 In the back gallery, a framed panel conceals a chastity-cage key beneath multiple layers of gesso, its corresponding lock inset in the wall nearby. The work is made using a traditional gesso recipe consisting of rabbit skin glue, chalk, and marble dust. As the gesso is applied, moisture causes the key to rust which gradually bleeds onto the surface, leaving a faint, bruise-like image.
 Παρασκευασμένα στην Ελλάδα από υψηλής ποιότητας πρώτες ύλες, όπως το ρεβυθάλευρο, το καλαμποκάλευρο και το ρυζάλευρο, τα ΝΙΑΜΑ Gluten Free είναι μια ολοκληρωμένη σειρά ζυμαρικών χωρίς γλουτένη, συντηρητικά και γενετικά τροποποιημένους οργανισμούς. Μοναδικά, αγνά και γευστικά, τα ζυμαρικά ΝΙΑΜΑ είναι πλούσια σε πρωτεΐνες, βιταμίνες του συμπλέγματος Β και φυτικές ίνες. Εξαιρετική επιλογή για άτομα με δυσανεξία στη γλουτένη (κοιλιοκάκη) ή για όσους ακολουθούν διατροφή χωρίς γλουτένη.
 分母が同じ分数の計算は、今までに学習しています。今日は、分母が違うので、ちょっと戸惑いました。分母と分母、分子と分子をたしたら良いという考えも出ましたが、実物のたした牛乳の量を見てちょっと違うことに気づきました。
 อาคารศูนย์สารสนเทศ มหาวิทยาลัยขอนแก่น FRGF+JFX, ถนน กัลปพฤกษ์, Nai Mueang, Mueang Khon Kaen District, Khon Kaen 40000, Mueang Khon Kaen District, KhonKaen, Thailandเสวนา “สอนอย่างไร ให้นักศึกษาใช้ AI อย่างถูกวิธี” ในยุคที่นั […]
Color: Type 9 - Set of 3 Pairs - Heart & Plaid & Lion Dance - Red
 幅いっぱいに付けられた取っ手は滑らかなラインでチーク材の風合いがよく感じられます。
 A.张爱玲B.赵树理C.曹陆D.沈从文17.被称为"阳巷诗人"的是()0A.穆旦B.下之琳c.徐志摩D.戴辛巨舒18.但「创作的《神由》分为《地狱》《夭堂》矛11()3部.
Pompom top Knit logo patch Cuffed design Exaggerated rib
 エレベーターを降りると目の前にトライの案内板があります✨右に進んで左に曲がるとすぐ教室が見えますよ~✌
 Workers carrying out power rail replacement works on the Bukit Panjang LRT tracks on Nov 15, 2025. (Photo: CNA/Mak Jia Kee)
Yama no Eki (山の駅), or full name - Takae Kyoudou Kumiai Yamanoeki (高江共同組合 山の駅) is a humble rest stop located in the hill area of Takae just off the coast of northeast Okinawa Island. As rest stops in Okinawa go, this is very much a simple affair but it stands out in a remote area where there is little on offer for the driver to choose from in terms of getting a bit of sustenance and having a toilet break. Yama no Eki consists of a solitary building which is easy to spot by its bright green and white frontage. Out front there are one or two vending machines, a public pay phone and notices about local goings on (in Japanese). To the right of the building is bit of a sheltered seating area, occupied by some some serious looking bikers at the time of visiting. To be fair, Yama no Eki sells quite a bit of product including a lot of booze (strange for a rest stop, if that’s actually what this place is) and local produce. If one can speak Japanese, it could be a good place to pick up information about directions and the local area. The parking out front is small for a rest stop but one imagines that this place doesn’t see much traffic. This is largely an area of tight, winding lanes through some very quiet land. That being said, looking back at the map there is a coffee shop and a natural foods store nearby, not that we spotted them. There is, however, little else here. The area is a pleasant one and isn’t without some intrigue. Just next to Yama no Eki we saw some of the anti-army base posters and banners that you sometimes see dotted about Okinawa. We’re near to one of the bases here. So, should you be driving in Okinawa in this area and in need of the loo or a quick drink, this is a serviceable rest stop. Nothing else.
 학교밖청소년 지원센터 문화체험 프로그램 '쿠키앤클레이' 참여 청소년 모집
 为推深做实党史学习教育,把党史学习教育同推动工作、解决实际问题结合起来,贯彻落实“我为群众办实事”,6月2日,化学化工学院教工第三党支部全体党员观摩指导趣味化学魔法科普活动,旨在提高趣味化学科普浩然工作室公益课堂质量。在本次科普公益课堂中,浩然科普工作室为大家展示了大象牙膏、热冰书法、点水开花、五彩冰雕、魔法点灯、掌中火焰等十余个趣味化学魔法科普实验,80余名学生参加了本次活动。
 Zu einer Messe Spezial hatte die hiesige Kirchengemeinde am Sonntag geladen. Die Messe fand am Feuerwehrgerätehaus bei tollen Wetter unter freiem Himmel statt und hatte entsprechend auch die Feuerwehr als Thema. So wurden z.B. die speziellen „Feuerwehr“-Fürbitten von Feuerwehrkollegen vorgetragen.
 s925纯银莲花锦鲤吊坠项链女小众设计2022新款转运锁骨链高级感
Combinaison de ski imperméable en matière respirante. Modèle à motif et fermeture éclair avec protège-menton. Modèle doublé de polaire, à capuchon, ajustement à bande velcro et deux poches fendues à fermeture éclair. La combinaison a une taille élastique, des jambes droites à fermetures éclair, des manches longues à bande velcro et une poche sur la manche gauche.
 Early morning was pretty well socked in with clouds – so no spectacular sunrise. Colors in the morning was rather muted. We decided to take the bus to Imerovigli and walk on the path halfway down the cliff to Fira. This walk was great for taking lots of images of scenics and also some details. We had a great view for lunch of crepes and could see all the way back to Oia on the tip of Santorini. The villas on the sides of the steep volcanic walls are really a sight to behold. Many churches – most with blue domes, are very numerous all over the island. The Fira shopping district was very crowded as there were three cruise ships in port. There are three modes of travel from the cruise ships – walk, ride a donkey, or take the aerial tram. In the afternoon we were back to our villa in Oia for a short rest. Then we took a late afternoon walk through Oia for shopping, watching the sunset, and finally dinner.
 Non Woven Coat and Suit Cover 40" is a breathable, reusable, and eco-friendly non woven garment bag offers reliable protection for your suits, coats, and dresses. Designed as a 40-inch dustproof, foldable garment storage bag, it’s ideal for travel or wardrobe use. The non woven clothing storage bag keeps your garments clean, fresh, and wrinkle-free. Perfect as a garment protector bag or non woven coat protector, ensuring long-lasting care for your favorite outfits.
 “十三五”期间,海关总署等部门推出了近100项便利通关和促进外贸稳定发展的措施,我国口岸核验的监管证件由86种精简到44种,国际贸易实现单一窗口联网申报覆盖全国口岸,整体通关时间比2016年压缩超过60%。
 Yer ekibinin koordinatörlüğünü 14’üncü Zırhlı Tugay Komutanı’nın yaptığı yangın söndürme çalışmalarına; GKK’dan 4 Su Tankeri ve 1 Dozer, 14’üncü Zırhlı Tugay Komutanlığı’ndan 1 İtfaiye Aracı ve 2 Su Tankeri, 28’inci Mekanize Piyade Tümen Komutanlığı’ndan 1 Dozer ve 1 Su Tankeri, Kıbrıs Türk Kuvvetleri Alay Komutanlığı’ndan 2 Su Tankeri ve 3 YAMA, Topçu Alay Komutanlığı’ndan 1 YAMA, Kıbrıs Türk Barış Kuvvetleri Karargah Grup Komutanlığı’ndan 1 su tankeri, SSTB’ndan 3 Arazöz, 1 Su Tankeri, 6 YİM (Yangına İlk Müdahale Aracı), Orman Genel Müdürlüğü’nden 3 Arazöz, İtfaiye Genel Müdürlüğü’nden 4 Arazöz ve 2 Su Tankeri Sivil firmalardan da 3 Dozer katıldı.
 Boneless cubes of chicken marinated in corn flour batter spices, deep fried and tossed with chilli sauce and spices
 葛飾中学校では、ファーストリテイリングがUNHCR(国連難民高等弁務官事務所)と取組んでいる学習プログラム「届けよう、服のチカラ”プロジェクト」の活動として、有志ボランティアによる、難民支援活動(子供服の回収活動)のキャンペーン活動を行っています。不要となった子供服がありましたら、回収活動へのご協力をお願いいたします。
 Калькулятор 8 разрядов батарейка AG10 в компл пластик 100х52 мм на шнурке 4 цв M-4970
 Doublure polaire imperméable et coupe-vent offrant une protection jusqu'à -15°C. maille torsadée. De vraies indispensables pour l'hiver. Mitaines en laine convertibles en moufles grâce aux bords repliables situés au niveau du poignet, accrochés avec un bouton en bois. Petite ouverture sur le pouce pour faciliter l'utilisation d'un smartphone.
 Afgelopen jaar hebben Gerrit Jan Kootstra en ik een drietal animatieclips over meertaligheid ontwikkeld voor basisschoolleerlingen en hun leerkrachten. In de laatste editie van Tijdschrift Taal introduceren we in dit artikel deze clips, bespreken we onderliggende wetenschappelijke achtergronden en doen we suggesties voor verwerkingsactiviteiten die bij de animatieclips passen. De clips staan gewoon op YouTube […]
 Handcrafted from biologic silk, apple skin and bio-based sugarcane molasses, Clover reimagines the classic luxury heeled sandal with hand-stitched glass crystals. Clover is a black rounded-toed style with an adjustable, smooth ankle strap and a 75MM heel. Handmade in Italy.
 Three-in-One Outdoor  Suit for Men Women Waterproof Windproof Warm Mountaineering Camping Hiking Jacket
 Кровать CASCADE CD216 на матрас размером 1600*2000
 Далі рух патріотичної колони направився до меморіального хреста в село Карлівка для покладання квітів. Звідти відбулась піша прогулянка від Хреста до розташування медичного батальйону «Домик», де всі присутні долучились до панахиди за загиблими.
===============
Out of the records, collect only those lines that contain the string "Suit".

 Non Woven Coat and Suit Cover 40" is a breathable, reusable, and eco-friendly non woven garment bag offers reliable protection for your suits, coats, and dresses. Designed as a 40-inch dustproof, foldable garment storage bag, it’s ideal for travel or wardrobe use. The non woven clothing storage bag keeps your garments clean, fresh, and wrinkle-free. Perfect as a garment protector bag or non woven coat protector, ensuring long-lasting care for your favorite outfits.
 Three-in-One Outdoor  Suit for Men Women Waterproof Windproof Warm Mountaineering Camping Hiking Jacket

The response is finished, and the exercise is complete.